Task requirements – Reproduce each entry exactly, so that everything except the pictures is carried over.

Data for the task –

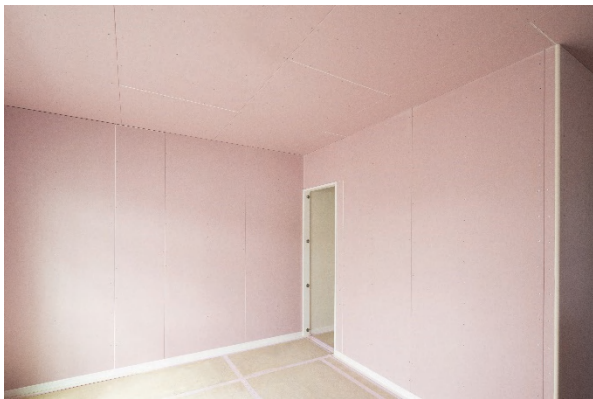
写真1 ハイクリンボードを壁、天井に施工した室内(仕上げ材施工前)

タイガーハイクリンボードは、建築物の内装用下地材や内装材として広く使用されているせっこうボードの優れた性能を保持したまま、室内空气中のホルムアルデヒドを吸収分解し、ホルムアルデヒド濃度を低減する建材である。吸収分解したホルムアルデヒドを再放出しないこと、室内空気を汚染する新たな化学物質を放散しないことが試験により確認されている。
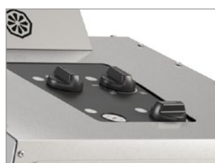
PANNELLO DI CONTROLLO CON INDICATORI LUCI LED, INDICANO E SEGNALANO EVENTUALI ANOMALIE DELLA MACCHINA
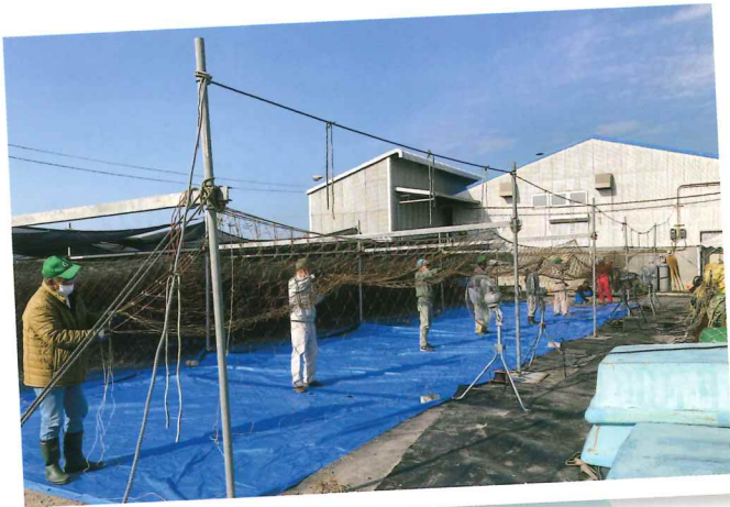
大濱海苔 海苔網の片づけ
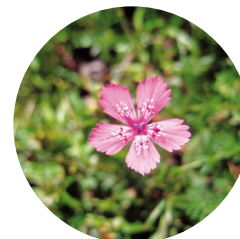
Clavellet ( Dianthus deltoides )
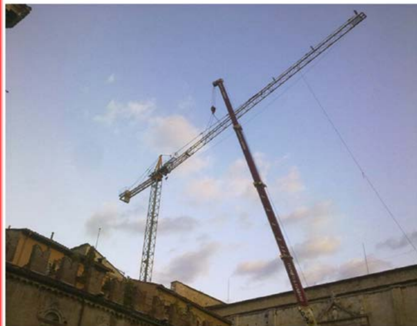
Autogru T.120 - Montaggio Gru Edile
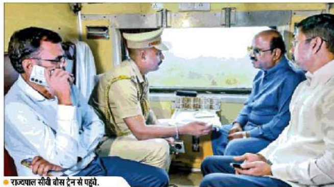
● राज्यपाल सीवी बोस ट्रेन से पहुंचे,

राज्यपाल ने कहा कि वे पीड़ितों से मिलकर जमीनी स्थिति समझेंगे और केंद्र सरकार को रिपोर्ट देंगे, उन्होंने कहा, हमें हिंसा के रास्ते को खत्म करना होगा और उसके तात्कालिक में आखिरी कोल ठोकनी होगी,
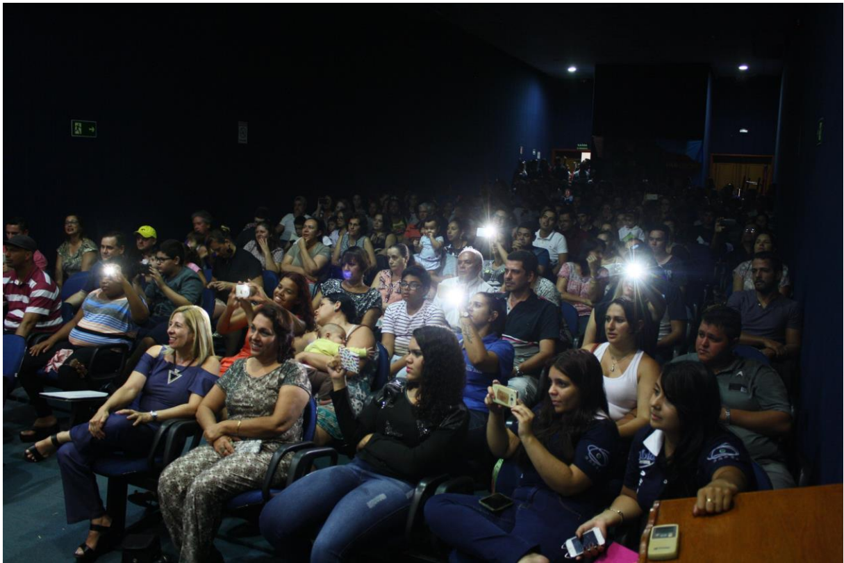
Foto 12: Apresentação dos resultados das ações desenvolvidas pelo subprojeto de Pedagogia.

Response –
写真1 ハイクリンボードを壁、天井に施工した室内(仕上げ材施工前)

タイガーハイクリンボードは、建築物の内装用下地材や内装材として広く使用されているせっこうボードの優れた性能を保持したまま、室内空气中のホルムアルデヒドを吸収分解し、ホルムアルデヒド濃度を低減する建材である。吸収分解したホルムアルデヒドを再放出しないこと、室内空気を汚染する新たな化学物質を放散しないことが試験により確認されている。
PANNELLO DI CONTROLLO CON INDICATORI LUCI LED, INDICANO E SEGNALANO EVENTUALI ANOMALIE DELLA MACCHINA
大濱海苔 海苔網の片づけ
Clavellet ( Dianthus deltoides )
Autogru T.120 - Montaggio Gru Edile
● राज्यपाल सीवी बोस ट्रेन से पहुंचे,

राज्यपाल ने कहा कि वे पीड़ितों से मिलकर जमीनी स्थिति समझेंगे और केंद्र सरकार को रिपोर्ट देंगे, उन्होंने कहा, हमें हिंसा के रास्ते को खत्म करना होगा और उसके तात्कालिक में आखिरी कोल ठोकनी होगी,
Foto 12: Apresentação dos resultados das ações desenvolvidas pelo subprojeto de Pedagogia.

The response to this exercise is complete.